The flame graph representation seems to imply there are multiple stages to the issue:

Is it expected that the server decodes image attachments from the channel instead of just sending them down the network? Is this trace showing the server re-generating previews and thumbnails?

I have browsed a few folders in /home/mattermost/docker/volumes/app/mattermost/data/<date>/teams/<hash>/channels/<hash>/users/<hash>/<hash> and I can confirm each folder contains three images: img.jpg, img_preview.jpg, img_thumbnail.jpg. Their timestamps are from when I bulk imported the Slack history into Mattermost.

Thanks, that’s interesting. I’m not sure how to properly read this file, so we have to wait for @agnivade to do his magic, but what immediately comes to my mind here is that the server tries to generate new thumbnails but fails to save them and therefore does the same thing over and over again instead of just once.
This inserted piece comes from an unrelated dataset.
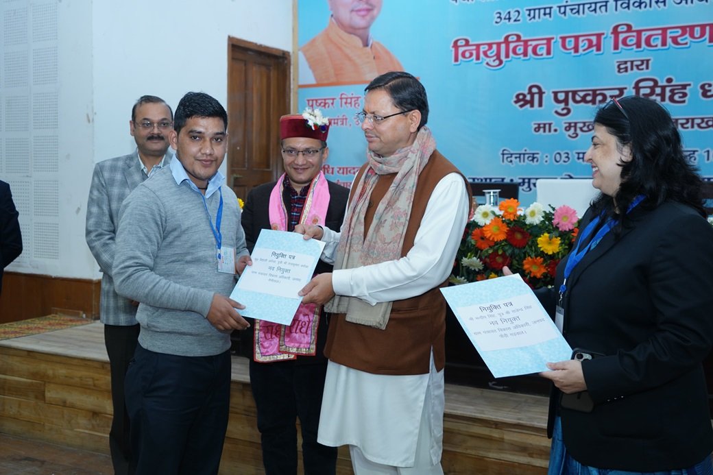 मुख्यमंत्री ने कहा कि प्रधानमंत्री नरेंद्र मोदी के नेतृत्व में सबका साथ-सबका विकास-सबका विश्वास और सबका प्रयास के मंत्र पर आगे बढ़ कर जनहित के कार्य किए जा रहे हैं। आज उत्तराखंड विकास और विश्वास के अभूतपूर्व माहौल में, जन आकांक्षाओं को पूरा करते हुए आगे बढ़ रहा है। विकसित उत्तराखंड का लक्ष्य हम सभी का सामूहिक लक्ष्य है और इसे सामूहिक प्रयासों से ही प्राप्त किया जा सकता है। उन्होंने प्रदेश के सभी युवाओं से अपील की कि उत्तराखंड को देश का श्रेष्ठ राज्य बनाने के हमारे “विकल्प रहित संकल्प“ की पूर्ति के लिए किये जा रहे प्रयासों में सहयोगी बनें। इस अवसर पर निदेशक पंचायती राज निधि यादव ने पंचायती राज विभाग की कार्ययोजना की जानकारी दी। कार्यक्रम में विधायक दुर्गेश्वर लाल, अपर सचिव पंचायती राज आलोक कुमार पाण्डेय, संयुक्त निदेशक आर. के. एन. त्रिपाठी, उप निदेशक मनोज कुमार तिवारी, नोडल अधिकारी अतुल प्रताप सिंह, नवनियुक्त कार्मिकों सहित सम्बंधित अधिकारी उपस्थित रहे।

You said that the thumbnails and image files are from when you imported from slack, could it be that the data directory and the files in there are not writable by the mattermost application user?
When you create a new channel and post some images in there, can you also reproduce the behaviour in this channel and does the filesystem for this channel look similar to the one of an existing channel (with regards to the images available there)?

Hi @jlc - thanks for uploading the profile. It looks like the issue has to do with minipreviews. This is a 3rd category of images apart from thumbnails and previews and is stored in the database itself.
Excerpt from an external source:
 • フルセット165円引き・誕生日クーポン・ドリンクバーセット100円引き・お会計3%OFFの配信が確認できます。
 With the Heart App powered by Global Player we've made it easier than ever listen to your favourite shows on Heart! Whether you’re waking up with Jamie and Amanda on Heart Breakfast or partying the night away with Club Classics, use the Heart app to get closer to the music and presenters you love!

The problem seems to stem from the fact that each image does not seem to have a minipreview in the DB, and therefore MM tries to generate one. But it should not do it once it has been generated.
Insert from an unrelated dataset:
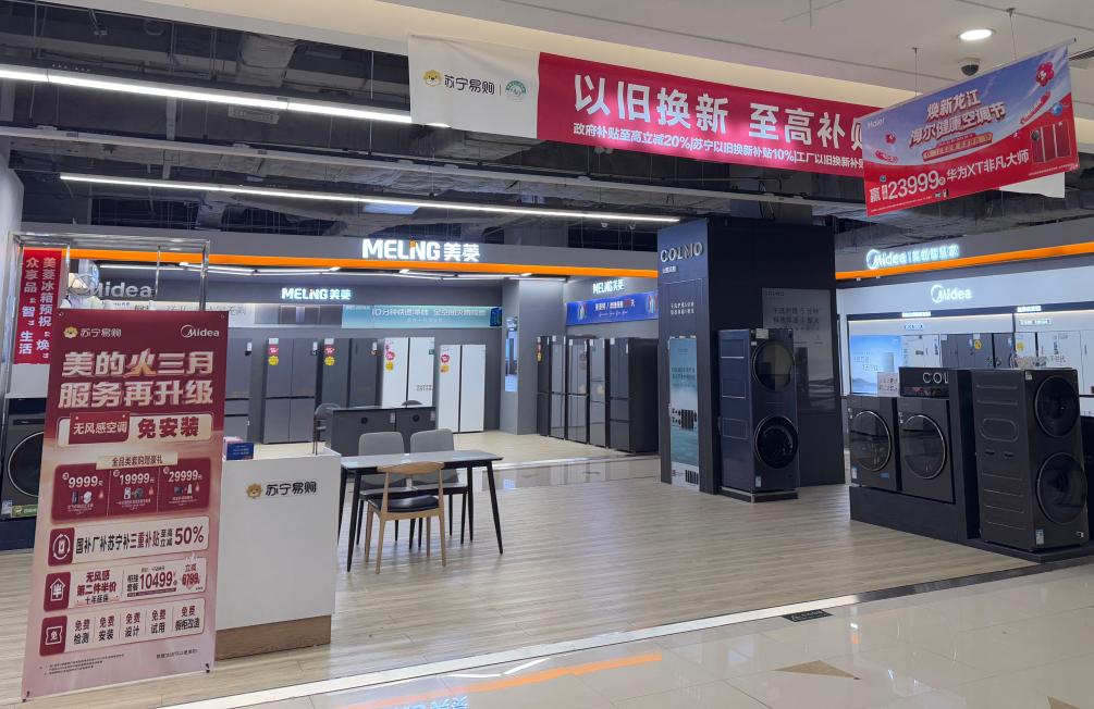 走进哈尔滨哈西万达苏宁易购商场,“国补以旧换新至高20%”“单件最高补贴2000元”等宣传标语映入眼帘。工作人员李爽介绍,消费者只需登录当地消费品以旧换新平台申领获取资格,到店或在线购买后核销补贴优惠即可。“政策出台以来,商场客流量明显增长,销售量也随之增长。”

Can you turn on debug logging, and check if you see any lines like below:
error reading image file,
generateMiniPreview: prepareImage failed,
Unable to generate mini preview image,
creating mini preview failed

It seems like MM is not able to save the minipreview in the DB.

It appears I was mistaken when I said in my first post that there wasn’t anything in the logs. I thought the content of System Console > Server Logs was controlled by the setting Console Log Level, but it is actually controlled by File Log Level, I’m sorry I missed that… Now that I’ve set the latter to DEBUG, I can see the following output during the high CPU activity phase:

{"timestamp":"2023-01-23 22:17:03.085 +01:00","level":"debug","msg":"GetImageOrientation failed","caller":"app/file.go:1047","error":"failed to decode exif data: exif: failed to find exif intro marker"}
{"timestamp":"2023-01-23 22:17:03.736 +01:00","level":"debug","msg":"Received HTTP request","caller":"web/handlers.go:156","method":"GET","url":"/api/v4/files/7u95r3xrtpr1mgrf9d3du46r4c/thumbnail","request_id":"zgeprekcfjb3ucwnppxptw5qmh","status_code":"304"}
{"timestamp":"2023-01-23 22:17:04.503 +01:00","level":"debug","msg":"GetImageOrientation failed","caller":"app/file.go:1047","error":"failed to decode exif data: EOF"}
{"timestamp":"2023-01-23 22:17:05.294 +01:00","level":"debug","msg":"Received HTTP request","caller":"web/handlers.go:156","method":"GET","url":"/api/v4/files/yzkhgow1dbngt8hkrgzrxed3tc/thumbnail","request_id":"w8yzos49wfgamr34y7bjfp8g7r","status_code":"304"}
{"timestamp":"2023-01-23 22:17:06.072 +01:00","level":"debug","msg":"GetImageOrientation failed","caller":"app/file.go:1047","error":"failed to decode exif data: EOF"}

(it goes on for 30 seconds)

That GetImageOrientation failed error has already been noticed last fall by another user, who submitted a fix that was merged to the master branch on October 12, 2022. That commit wasn’t picked up for the last updates of ESR 7.1 which is why it still affects default Docker installations of Mattermost.

I pointed my .env file to the 7.7 tag, and I can confirm the issue is gone. There is still high CPU activity, but it is limited to the first time the channel is open, and then even after restarting the client channels open super fast.

Thanks a lot for your help!

Awesome, that’s great to hear - thanks for posting the solution and good to know you’re up and running now! 7.8 (the next ESR version) will be released in February, so you can switch to it in a few weeks in order to be on an ESR branch instead of going with 7.1.